Comparative analysis of all samples indicated that the leaves grown in the sun had a greater content of biologically active principles
(caffeoyl derivatives, caffeine, theobromine and rutin) when compared with those grown in the shade. The processing that the leaves were subjected to after harvesting had a critical influence on bioactive compound composition. Processed leaves for “chimarrão” showed a decrease in the concentration of xanthines while the oxidised ones had SB431542 a lower concentration of phenolics when compared with green leaves (in natura), which promoted a decrease in the antioxidant potential of the oxidised leaves. However, if on the one hand the leaves subjected to blanching and drying (“chimarrão” type) contained more phenolic compounds and consequently a more intense antioxidant activity, on the other hand the oxidised leaves contained greater concentrations of carbohydrates, such as fructose and glucose, which may soften the
flavour of the beverage.
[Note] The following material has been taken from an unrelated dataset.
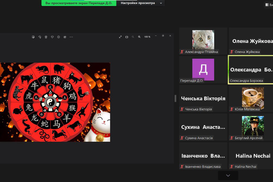 Перепадя Дар’я Олександрівна поділилася відомостями щодо 12 тварин китайського гороскопу, ознайомила із однією з легенд про їх походження. Учасники обговорили риси, притаманні тваринам, що стали символами дванадцятирічного циклу.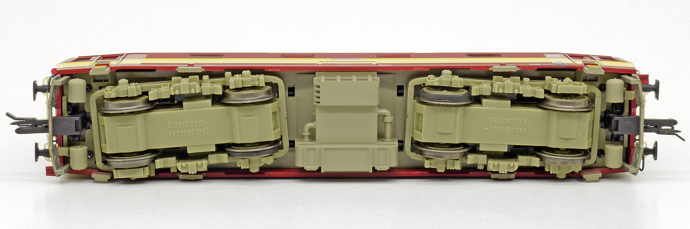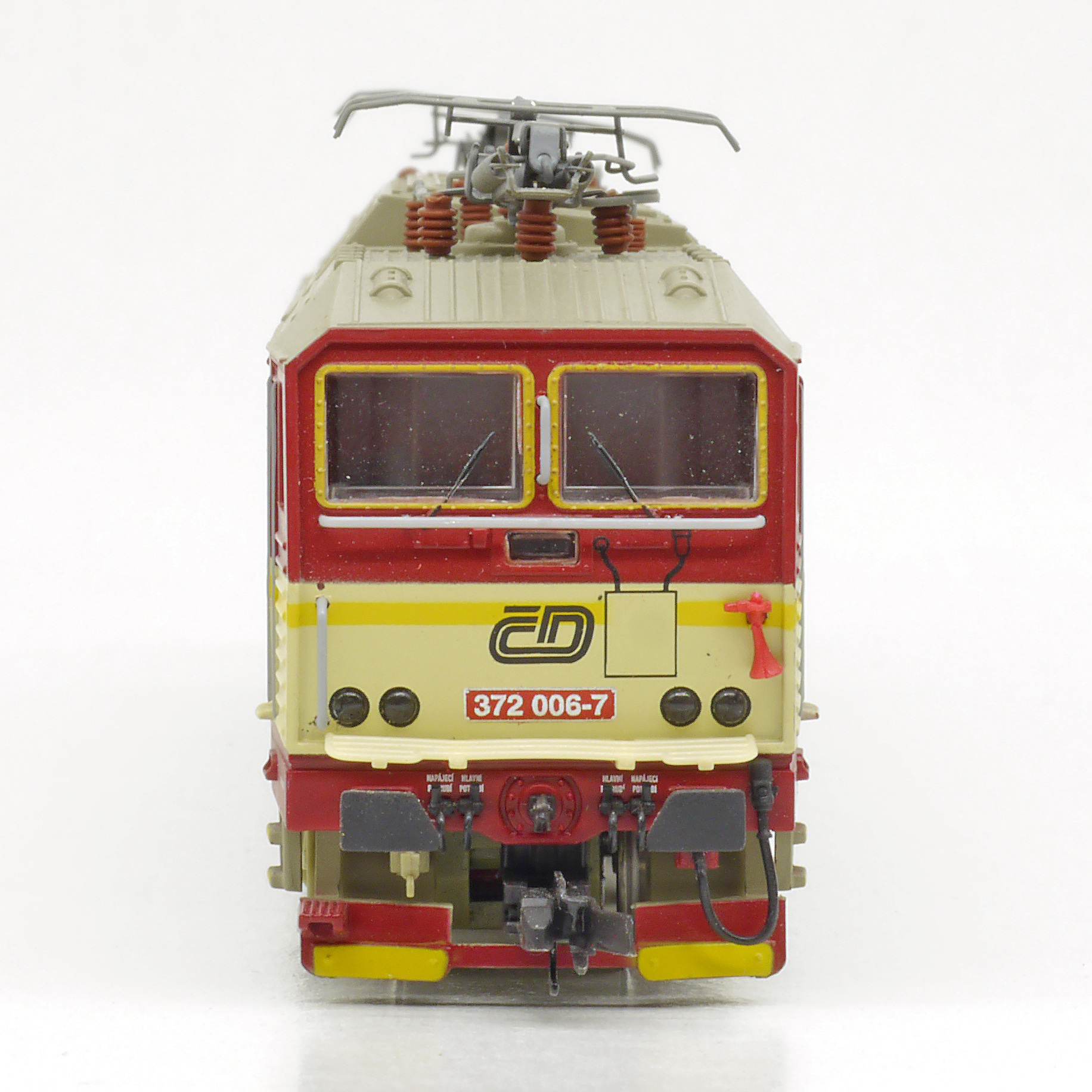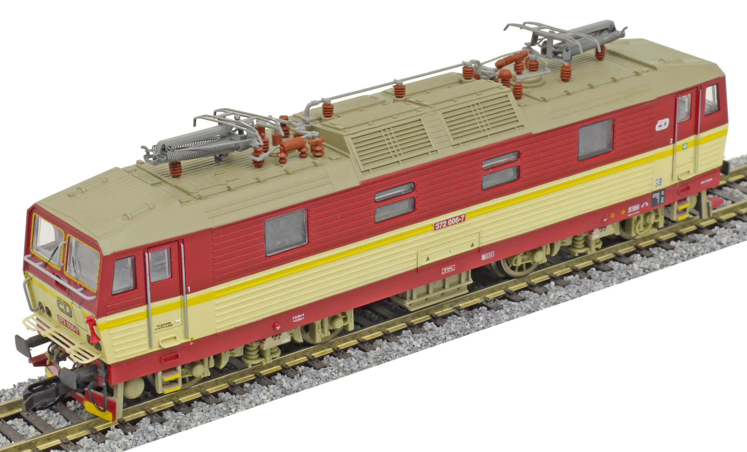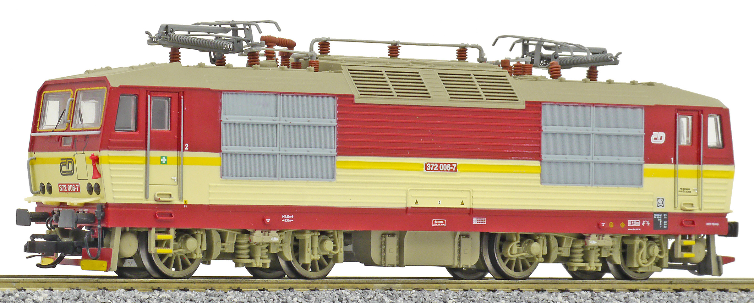 Popis   elektrická lokomotiva červená-slonová kost, šedá střecha a šedé polopantografy

Thus, the present results provide a guideline for obtaining leaves from Maté enriched in biologically active components, which could be applied+ to the pharmaceutical, food and cosmetic industries. The authors wish to thank the Brazilian Ruxolitinib nmr funding agencies Conselho Nacional de Desenvolvimento Científico e Tecnológico (CNPq), Fundação Araucária, and PRONEX-Carboidratos for financial support. The authors declare no conflict of interest. “
“Vegetable oils are important compounds of human nourishment, providing energy, essential fatty acids and fat-soluble vitamins. Among these vitamins, provitamin
A and vitamin E are highlighted. Tocopherols are natural antioxidants that also present vitamin E activity, especially the α-tocopherol (De Greyt & Kellens, 2005) which are frequently found in serum (Krčmová et al., 2009). Tocotrienols possess powerful neuroprotective, anti-cancer and cholesterol lowering properties that are often not exhibited by tocopherols (Sen, Khanna, & Roy, 2005). During deodorisation, it was observed that tocopherol losses exceeded 30%, two thirds of which resulted from their distillation (Gogolewsky, Nogala-Kalucka, & Szeliga, 2000). Both analytes, tocopherols and tocotrienols, present maximum UV absorption between 280 and 300 nm with minimum absorption between 250 and 260 nm. Tocopherols Methocarbamol and tocotrienols have also intense native fluorescence when excited at 210 or 290–292 nm. Excitation of chroman ring at these wavelengths produces maximal emission at 320 or slightly higher wavelengths. Fluorescence detection provides sensitivity, specificity, and cleaner chromatograms compared to UV detection. Fluorescence detection is essential to the successful assay of vitamin E in complex food matrices. UV detection can be used for concentrated supplements or fortification premixes (Eitenmiller & Landen, 1999, Chapter 3).